===== Task input =====

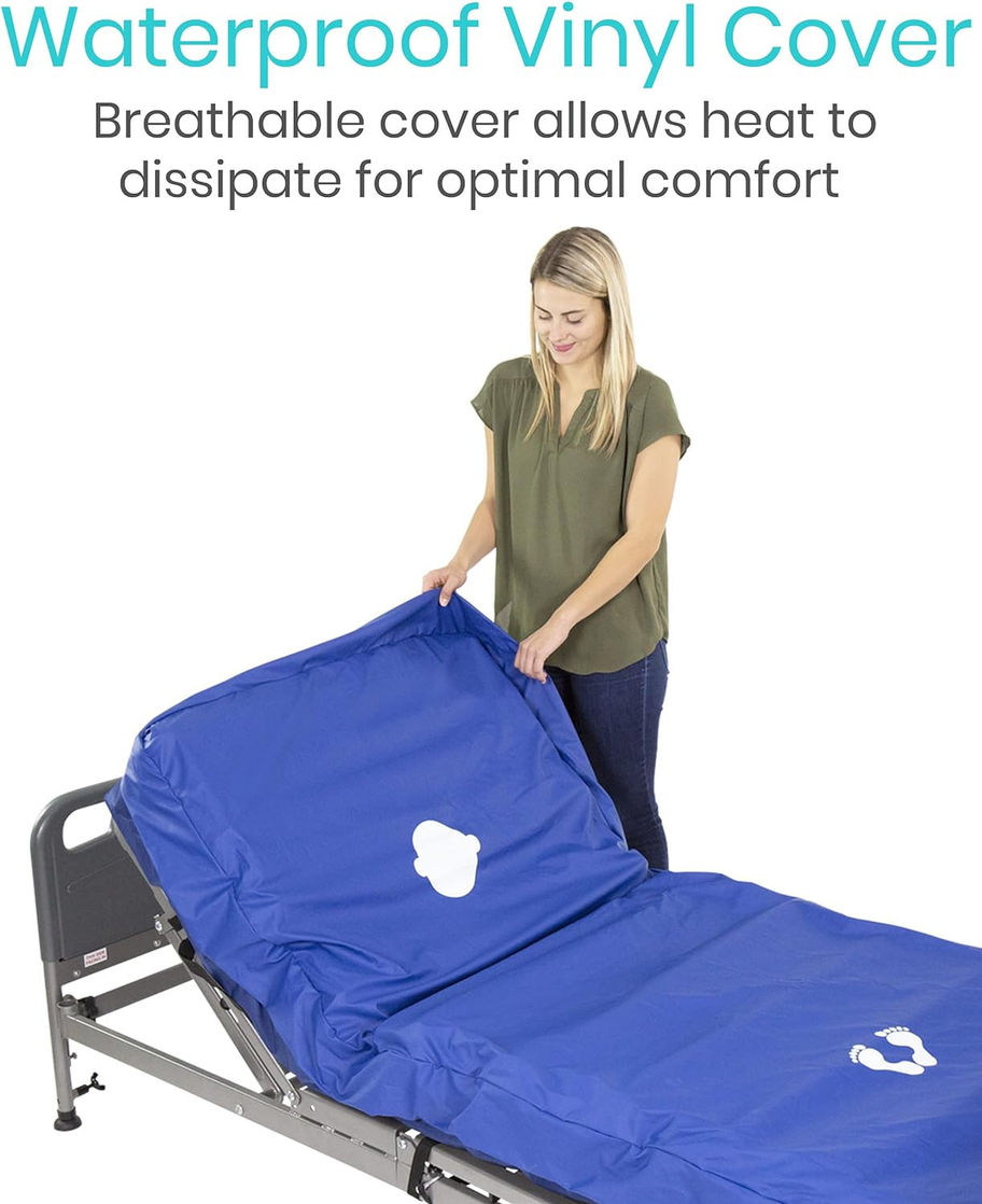 - WATERPROOF VINYL COVER: Protecting the pressure mattress, a waterproof vinyl cover easily slips over the air cells. The breathable cover allows heat to dissipate for patient comfort and is durably designed, supporting up to 350 pounds.
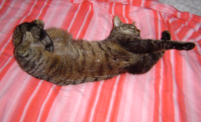 I'm beginning to wonder if it's only MC that reacts so violently to the V-E-T. Are all you other cats nice and mild? Do I have a delinquent on my hands? The Husband will come with us this time - he has a wonderfully calming effect on our little boy, so it will be interesting if that makes a difference.
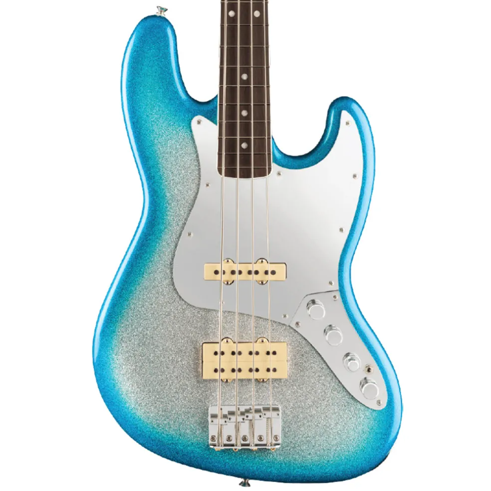From the dazzling Sky Burst Sparkle to the gleaming chrome hardware and mirrored pickguard, every detail on this Jazz Bass echoes Blu’s bold artistic vision. The offset ash body is chambered to keep this bass as lightweight and comfortable as possible. The satin finished maple neck, bound 9.5ā rosewood fingerboard and vintage tall frets provide smooth playability. The Custom Blu DeTiger FireballĀ® bass humbucker and Player Plus Noiseless⢠Jazz Bass Pickups fuse vintage charm with modern punch. The bass also includes an 18V Player Plus preamp with 3-band EQ and active/passive toggle, great for sculpting your tone and ideal for capturing the funky snap and growl that defines Blu’s sound.
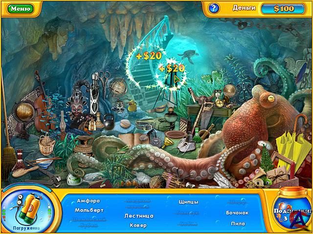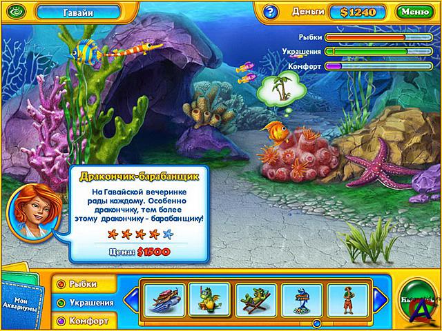 Фишдом H2O. Подводная одиссея. Системные требования для игры Фишдом H2O. Подводная одиссея: PII-600 / 64M RAM / 16M Video 3D, Windows XP, DirectX 9.0 Занимательная океанология Красочный бизнес-симулятор жанра "поиск предметов", который познакомит вас с Дженнифер. Она вот-вот закончит обучение в Университете Охраны Природы, поэтому настало время подумать о дальнейшей карьере. Джен давно мечтает о работе в одном крупном океанариуме, но чтобы попасть туда, нужно сделать что-то действительно выдающееся. В качестве вступительного экзамена Дженнифер решила обустроить свой аквариум и населить его рыбками. На покупку необходимого оборудования и разной морской живности требуются деньги — но где же их взять? К счастью, на морском дне спрятано множество предметов, которые можно поднять на поверхность и продать коллекционерам. Джен отлично ныряет, но без вашей помощи ей не найти все нужные вещи! Эта игра соединила в себе два жанра: поиск предметов и экономический симулятор. Вас ждет изящная графика и увлекательные задания, от которых невозможно оторваться! ЗЫ: Самые лучшие казуальные игры только у алавар и невософт. А главное не требует высоких параметров компьютера. Правда, они лишь распространители игр, но плохих игр у них не бывает.
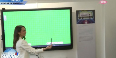 Devojka koja je pokazivala sve funkcije interaktivne table pozvala je predsednika Vučića da isproba kako funkcioniše inovativno nastavno sredstvo.
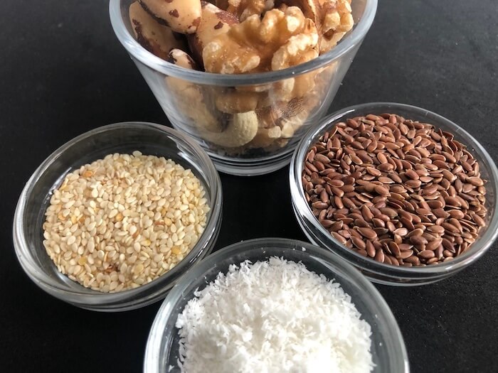 Agora basta juntar as castanhas trituradas com as sementes trituradas.
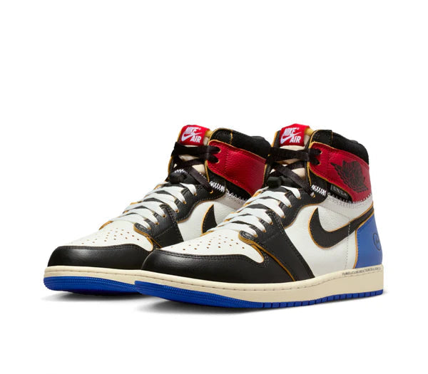 The Jordan 1 Retro High OG SP Fragment x Union LA Varsity Red Sport Royal is a special collaboration between Union LA, Fragment Design, and Jordan Brand. It features a bold mix of varsity red, sport royal, black, and white with premium leather on the classic Air Jordan 1 high-top silhouette. With unique Union stitching details and Fragment’s lightning bolt logo, this pair stands out as a stylish and collectible sneaker for any Jordan fan.
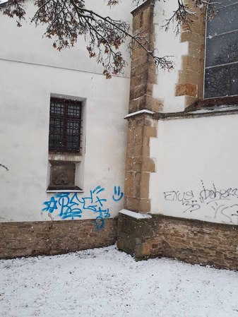Policisté pátrají po vandalovi, který v Rosicích posprejoval zeď kostela
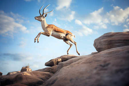 gazelle leaping over rocky terrain
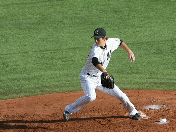 6番 李スンヨプ 一ゴ 3-1からの外角高めのストレートを打たせると、鋭いゴロをファーストが腰を落としてしっかりつかんだ。 |
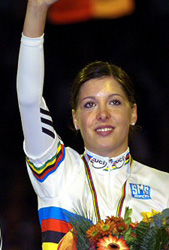 Weltmeisterin vor Teamkollegin Sandra Beck Bronze für die Gisingerin Denise Boller - Sarah Kohl auf Platz 4 Zu einem Wettkampf alle erster Sahne entwickelte sich das 1er Kunstradfahren der Frauen. Und dabei spielte die Tagesverfassung eine nicht unwesentliche Rolle. Als erste musste die regierende Schweizer Meisterin Anita Kälin aufs Parkett. Der Wädenswilerin lief es überhaupt nicht nach Wunsch. Sie musste drei Mal vom Rad und fiel so in der Gesamtwertung bis auf Rang neun zurück. Als nächste war die junge Deutsche Sandra Beck an der Reihe. Die Junioren Europameisterin von 2003 zeigte einen starke Vorstellung und legte der Konkurrenz stolze 325,65 Punkte vor. Als erste zerbrach daran die österreichische Vizemeisterin und WM-Dritte von Tata, Sarah Kohl. Die Meiningerin musste einmal vom Rad und kam so in Zeitnot. 315,83 Punkte zeigte die Wertungstafel und dies bedeutete den undankbaren 4. Rang. 2 Starterinnen folgten noch. Und diese beiden waren immerhin die beiden weltbesten Kunstradfahrerinnen Denise Boller aus Gisingen und die regierende Weltmeisterin Claudia Wieland. Als erste kam Boller an die Reihe. Denise fuhr bis Mitte der Kür fehlerfrei, hatte kaum Punkteabzüge mussten dann aber bei ihrer Paradeübung, dem 5fachen Drehsprung vom Rad. Schade, denn es wäre heute alles möglich gewesen, aber so reichte es „nur“ zu Bronze. Denn die letzte Starterin, die regierende Weltmeisterin Claudia Wieland, zeigte das sie nicht umsonst zum zweiten Mal Weltmeisterin wurde. Eine mit vielen Schwierigkeiten gespickte, bombensicher gefahrene Kür, brachte ihr erneut den Titel. |
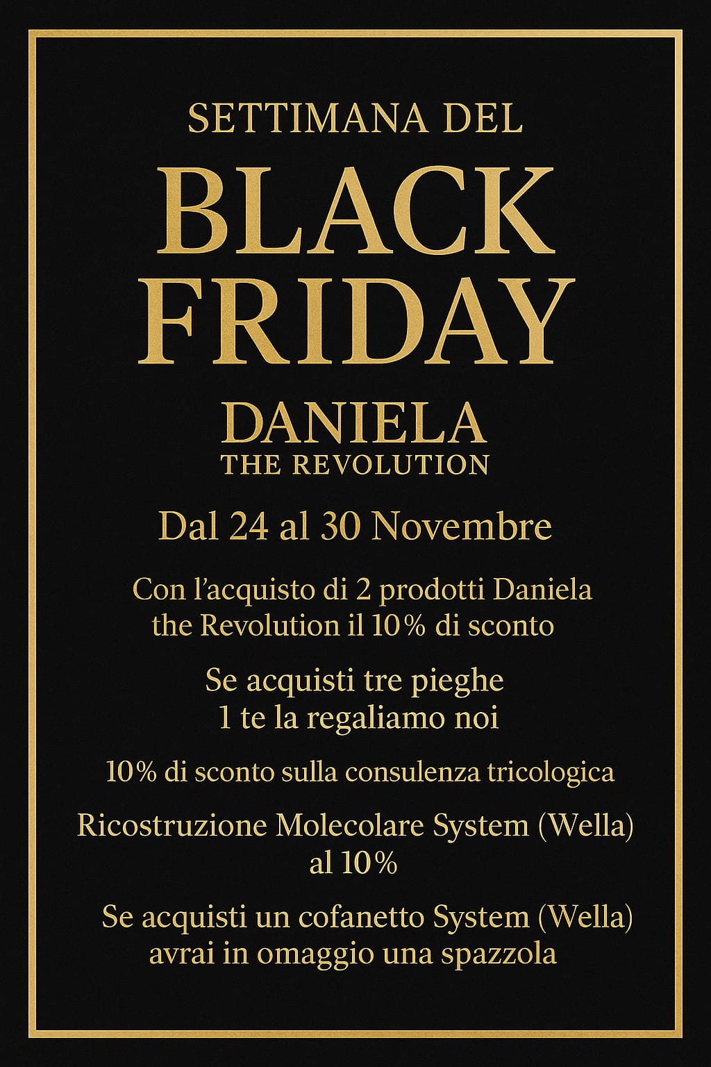 È arrivata la settimana più attesa dell’anno! 🖤Dal 24 al 30 Novembre, il reparto Hairstylist Daniela The Revolution ti coccola con super offerte …
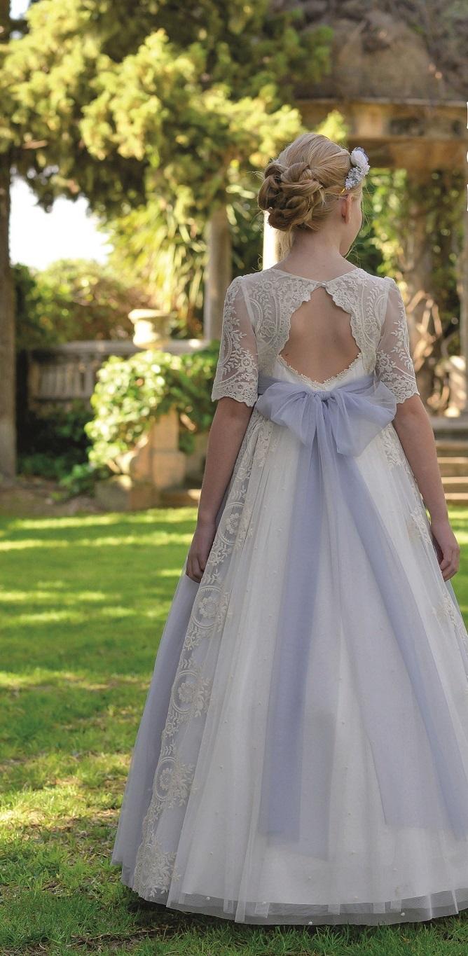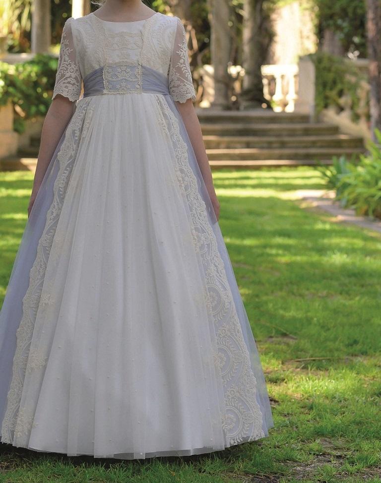Vestido Primera Comunión en tul bordado con aberturas laterales combinado con azul
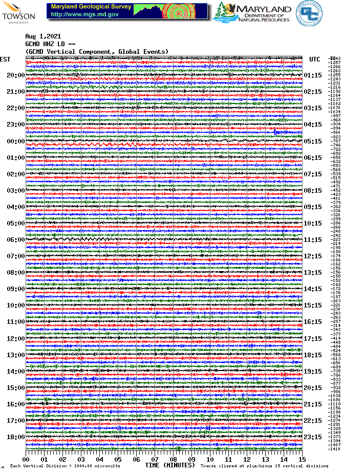 • Local:  Small, close-by seismic events. Locally generated seismic signals tend to be higher frequency and lower amplitude than large, distant events.  There is more noise in the local display due to traffic, wind, etc.
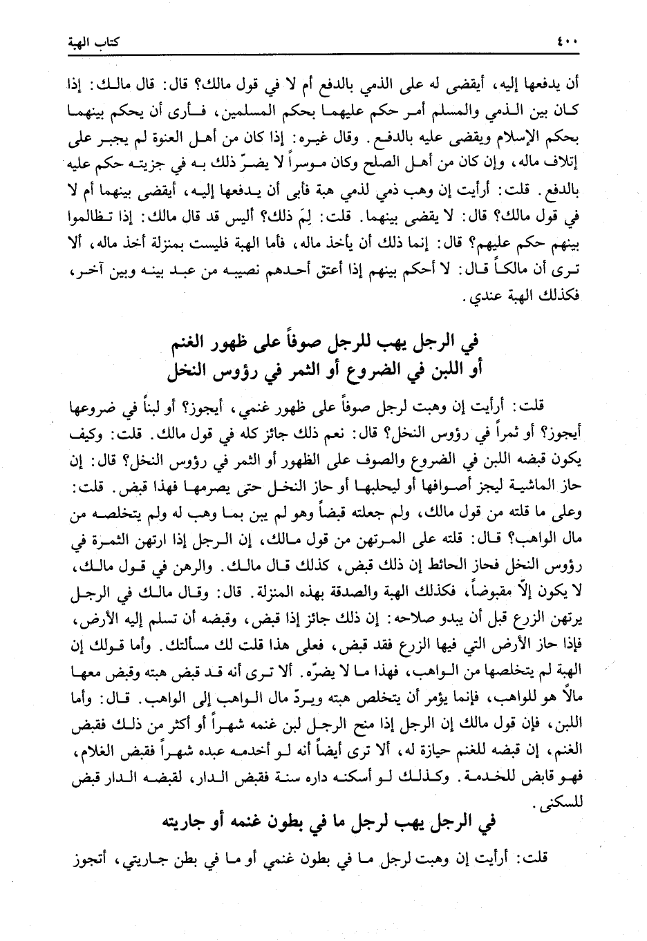 ِ قُلْت: أَرَأَيْت إنْ وَهَبْت لِرَجُلٍ صُوفًا عَلَى ظُهُورِ غَنَمِي، أَيَجُوزُ؟ أَوْ لَبَنًا فِي ضُرُوعِهَا أَيَجُوزُ؟ أَوْ ثَمَرًا فِي رُءُوسِ النَّخْلِ؟ قَالَ: نَعَمْ. ذَلِكَ جَائِزٌ كُلُّهُ فِي قَوْلِ مَالِكٍ. قُلْت: وَكَيْفَ يَكُونُ قَبْضُهُ اللَّبَنَ فِي الضُّرُوعِ وَالصُّوفَ عَلَى الظُّهُورِ أَوْ الثَّمَرَ فِي رُءُوسِ النَّخْلِ؟
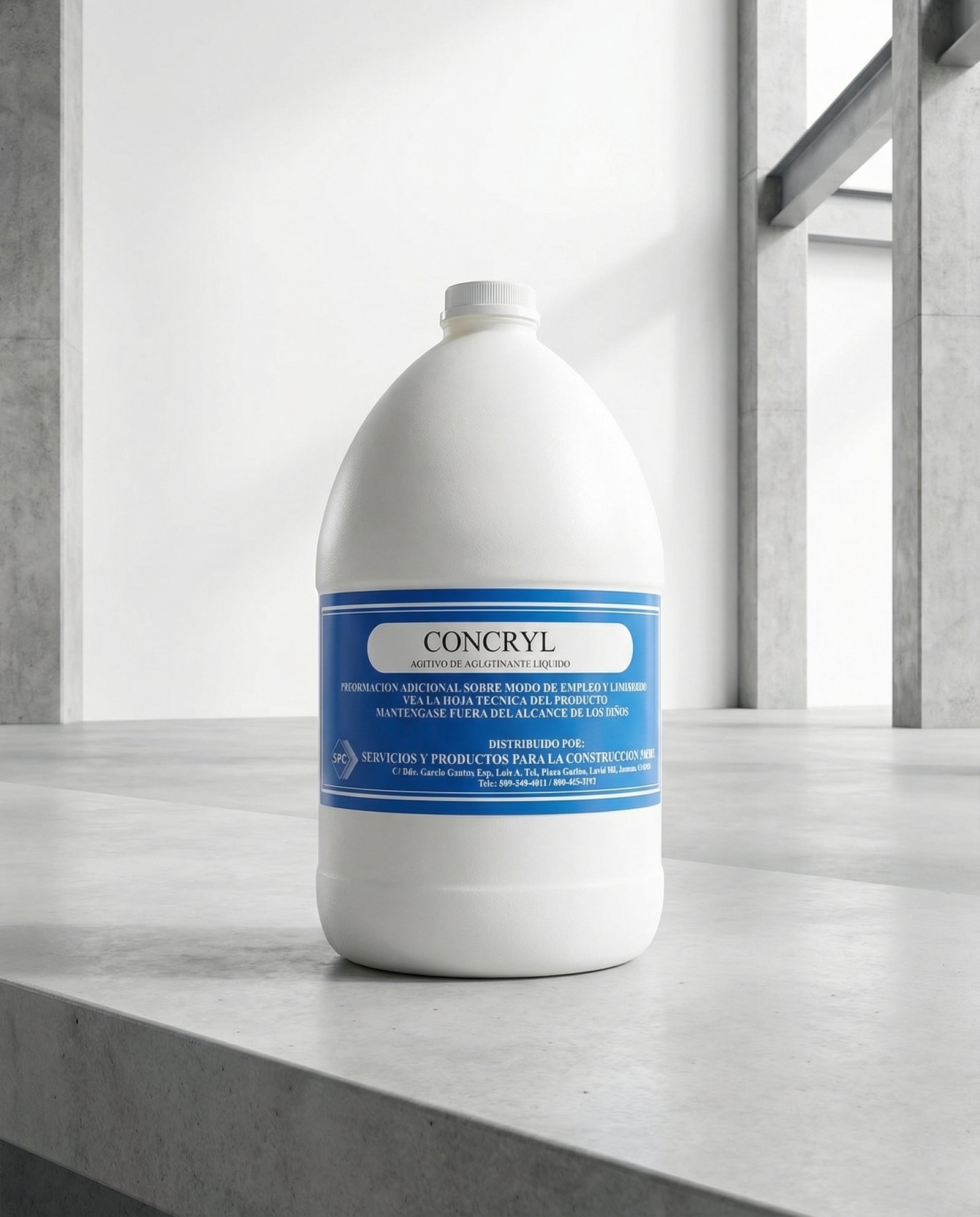 Concryl se envasa en tambores de 55 galones (208 L), cubetas de 5 galones (18.9 L) y cajas de 6 botellas de plástico de 1 galón (3.79 L).

=====

What needs to be done:
A clean copy is needed of the lines in the listing above from the one with "From the dazzling" through the one with "Agora basta juntar", exact in every word and free of pictures.

Completed exercise:
From the dazzling Sky Burst Sparkle to the gleaming chrome hardware and mirrored pickguard, every detail on this Jazz Bass echoes Blu’s bold artistic vision. The offset ash body is chambered to keep this bass as lightweight and comfortable as possible. The satin finished maple neck, bound 9.5ā rosewood fingerboard and vintage tall frets provide smooth playability. The Custom Blu DeTiger FireballĀ® bass humbucker and Player Plus Noiseless⢠Jazz Bass Pickups fuse vintage charm with modern punch. The bass also includes an 18V Player Plus preamp with 3-band EQ and active/passive toggle, great for sculpting your tone and ideal for capturing the funky snap and growl that defines Blu’s sound.
 Фишдом H2O. Подводная одиссея. Системные требования для игры Фишдом H2O. Подводная одиссея: PII-600 / 64M RAM / 16M Video 3D, Windows XP, DirectX 9.0 Занимательная океанология Красочный бизнес-симулятор жанра "поиск предметов", который познакомит вас с Дженнифер. Она вот-вот закончит обучение в Университете Охраны Природы, поэтому настало время подумать о дальнейшей карьере. Джен давно мечтает о работе в одном крупном океанариуме, но чтобы попасть туда, нужно сделать что-то действительно выдающееся. В качестве вступительного экзамена Дженнифер решила обустроить свой аквариум и населить его рыбками. На покупку необходимого оборудования и разной морской живности требуются деньги — но где же их взять? К счастью, на морском дне спрятано множество предметов, которые можно поднять на поверхность и продать коллекционерам. Джен отлично ныряет, но без вашей помощи ей не найти все нужные вещи! Эта игра соединила в себе два жанра: поиск предметов и экономический симулятор. Вас ждет изящная графика и увлекательные задания, от которых невозможно оторваться! ЗЫ: Самые лучшие казуальные игры только у алавар и невософт. А главное не требует высоких параметров компьютера. Правда, они лишь распространители игр, но плохих игр у них не бывает.
 Devojka koja je pokazivala sve funkcije interaktivne table pozvala je predsednika Vučića da isproba kako funkcioniše inovativno nastavno sredstvo.
 Agora basta juntar as castanhas trituradas com as sementes trituradas.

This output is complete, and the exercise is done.